_Activity_: From the data below, retype exactly the lines starting with the one that contains "Am Samstag haben" and ending with the one that contains "UFC üslublu MMA", both included.

_Supplied information_:
====

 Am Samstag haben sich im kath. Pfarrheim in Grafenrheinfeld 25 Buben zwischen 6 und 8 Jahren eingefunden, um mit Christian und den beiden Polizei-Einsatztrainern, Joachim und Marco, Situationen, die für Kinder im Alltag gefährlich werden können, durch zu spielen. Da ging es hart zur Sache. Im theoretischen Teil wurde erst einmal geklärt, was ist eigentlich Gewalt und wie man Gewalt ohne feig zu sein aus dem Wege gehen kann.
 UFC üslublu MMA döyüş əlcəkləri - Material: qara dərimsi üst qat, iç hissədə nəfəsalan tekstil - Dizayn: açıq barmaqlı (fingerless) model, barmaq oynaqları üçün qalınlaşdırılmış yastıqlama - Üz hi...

====

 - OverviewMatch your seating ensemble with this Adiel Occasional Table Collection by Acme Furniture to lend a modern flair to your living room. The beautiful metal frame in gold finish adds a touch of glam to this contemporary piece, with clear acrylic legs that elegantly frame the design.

====

_Result of this exercise_:
 Am Samstag haben sich im kath. Pfarrheim in Grafenrheinfeld 25 Buben zwischen 6 und 8 Jahren eingefunden, um mit Christian und den beiden Polizei-Einsatztrainern, Joachim und Marco, Situationen, die für Kinder im Alltag gefährlich werden können, durch zu spielen. Da ging es hart zur Sache. Im theoretischen Teil wurde erst einmal geklärt, was ist eigentlich Gewalt und wie man Gewalt ohne feig zu sein aus dem Wege gehen kann.
 UFC üslublu MMA döyüş əlcəkləri - Material: qara dərimsi üst qat, iç hissədə nəfəsalan tekstil - Dizayn: açıq barmaqlı (fingerless) model, barmaq oynaqları üçün qalınlaşdırılmış yastıqlama - Üz hi...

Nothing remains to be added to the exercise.